Only the stretch of the listing below that runs from the line with "side of the" through the line with "Hver hringur er" is to be printed, exactly and with both ends.

[Opening Input material section]

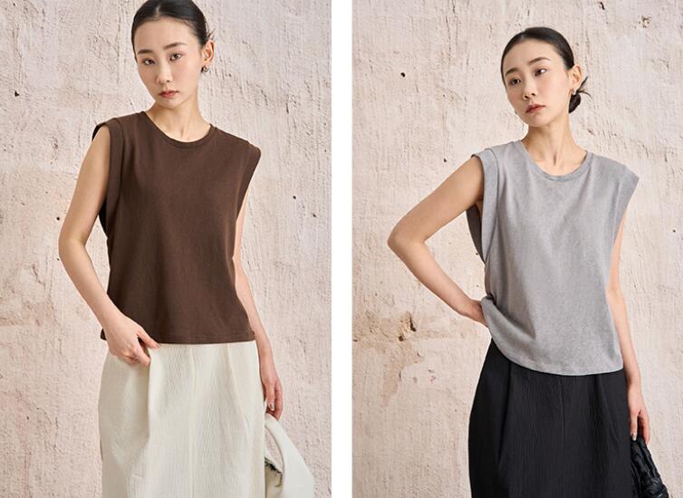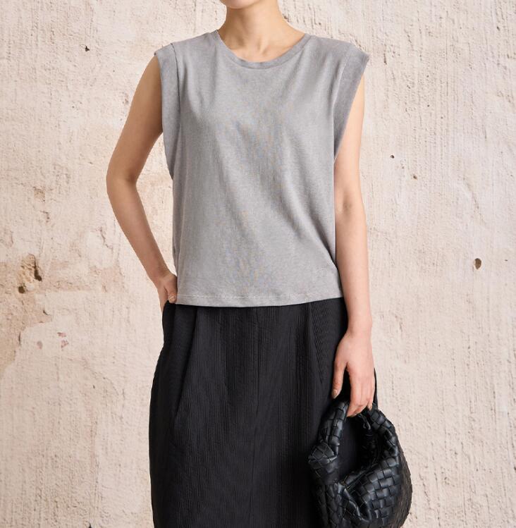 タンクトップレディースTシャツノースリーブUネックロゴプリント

[Closing Input material section]
[Opening Input material section]

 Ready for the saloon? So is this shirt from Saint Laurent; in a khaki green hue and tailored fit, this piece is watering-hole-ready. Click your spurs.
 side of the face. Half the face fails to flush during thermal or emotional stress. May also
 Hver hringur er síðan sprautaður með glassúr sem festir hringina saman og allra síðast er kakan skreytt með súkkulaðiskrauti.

[Closing Input material section]

- _Output of the task_
 side of the face. Half the face fails to flush during thermal or emotional stress. May also
 Hver hringur er síðan sprautaður með glassúr sem festir hringina saman og allra síðast er kakan skreytt með súkkulaðiskrauti.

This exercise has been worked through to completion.